People v. Fulmore

— Judgment affirmed. All concur, Simons, J., not participating. Memorandum: Defendant was convicted of forgery in the second degree and petit larceny. At trial the People introduced into evidence a confession signed by defendant in which he admitted taking to a grocery store a check payable to another person, forging that person’s name on the back of the check, and receiving the proceeds. He also admitted that he did not know the payee of the check and had no permission to cash it. The main issue on appeal is whether the People presented sufficient corroboration of this confession to satisfy CPL 60.50, which provides that a person may not be convicted of an offense solely on a confession without additional proof that the offense charged had been committed. The corroboration need not connect defendant with the crime; the rationale for the rule is simply “to guard against the possibility that a defendant might be convicted and jailed for a crime that never occurred” (People v Daniels, 37 NY2d 624,629). We have construed the section to require the People to prove that each and every element of the offense charged was committed by someone (see, e.g., People v Lipsky, 57 NY2d 560; People v Ruckdeschel, 51 AD2d 861 [reversing a robbery conviction because there was no proof of a taking]; People v Ulisano, 18 AD2d 432, 435).
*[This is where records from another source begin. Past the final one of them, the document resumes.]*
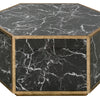 The Homer Coffee Table makes a sculptural statement. With a solid hexagonal shape, each side is paneled with black marble and framed with gold leaf metal.Specs/Dimensions:
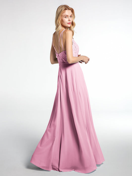 Babaroni LaraineVestido maxi con cuerpo de encaje y falda de chiffon con escote en V Rosa Chicle
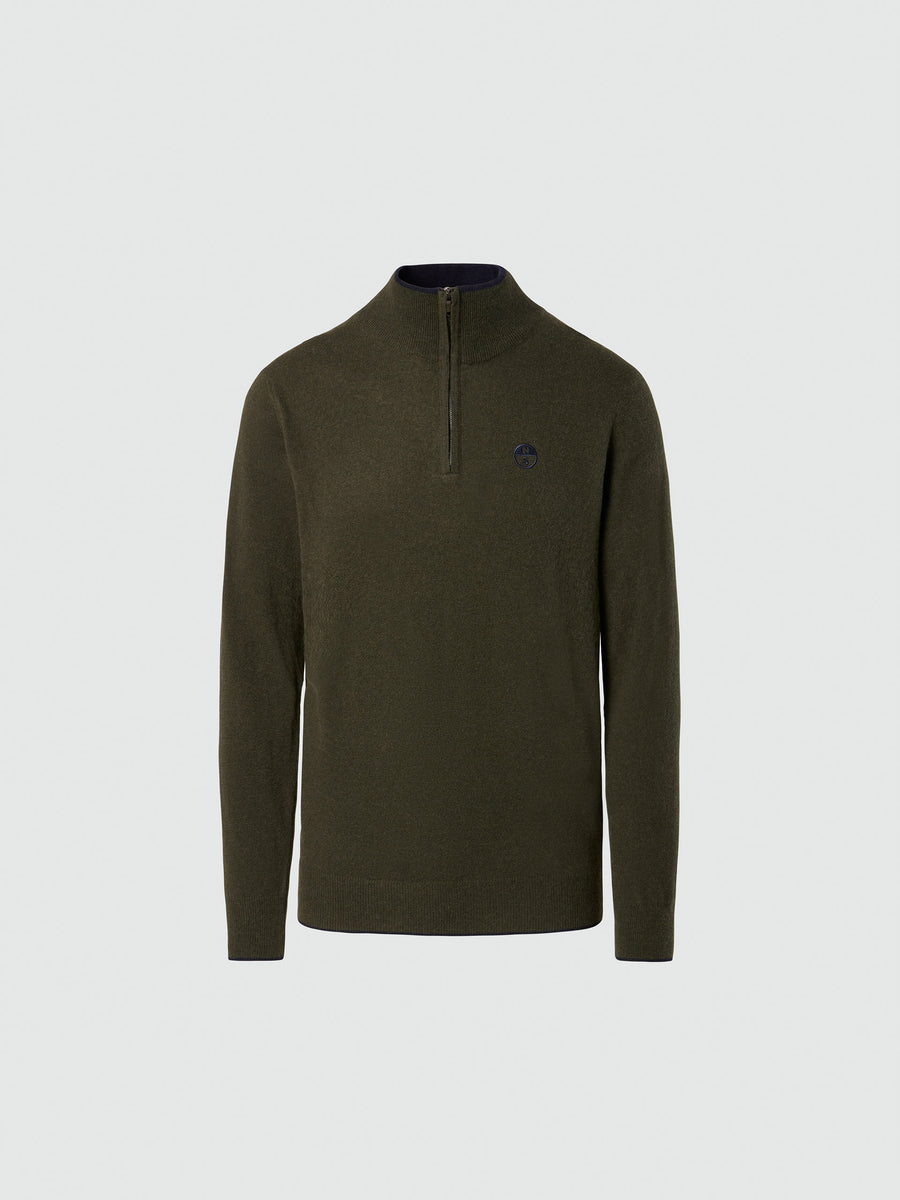 A layering hero for effortless style in between seasons. This high-neck sweater with half-zip closure is knitted from an eco-cashmere blend, containing recycled fibers in line with our commitment to protecting the planet. Finished with snug ribbed trims and an embroidered North Sails logo on the chest.

Defendant argues that his conviction must be reversed because there was no corroboration of the element of intent. Cases cited by defendant do not stand for this proposition. As stated in People v Ruckdeschel {supra), the People must establish the corpus delicti, and then the confession may be used to show that the crime was committed by the confessing defendant. In the instant case, the corpus delicti is the forged check. The payee testified that the signature on the back is not hers, and the store owner testified that he cashed the check, but never recovered the proceeds because the check was later dishonored. These facts establish forgery and larceny, and the element of intent may be inferred from the facts (Sandstrom v Montana, 442 US 510). (Appeal from judgment of Ontario County Court, Reed, J. — forgery, second degree, and other charges.) Present — Dillon, P. J., Simons, Doerr, Boomer and Moule, JJ.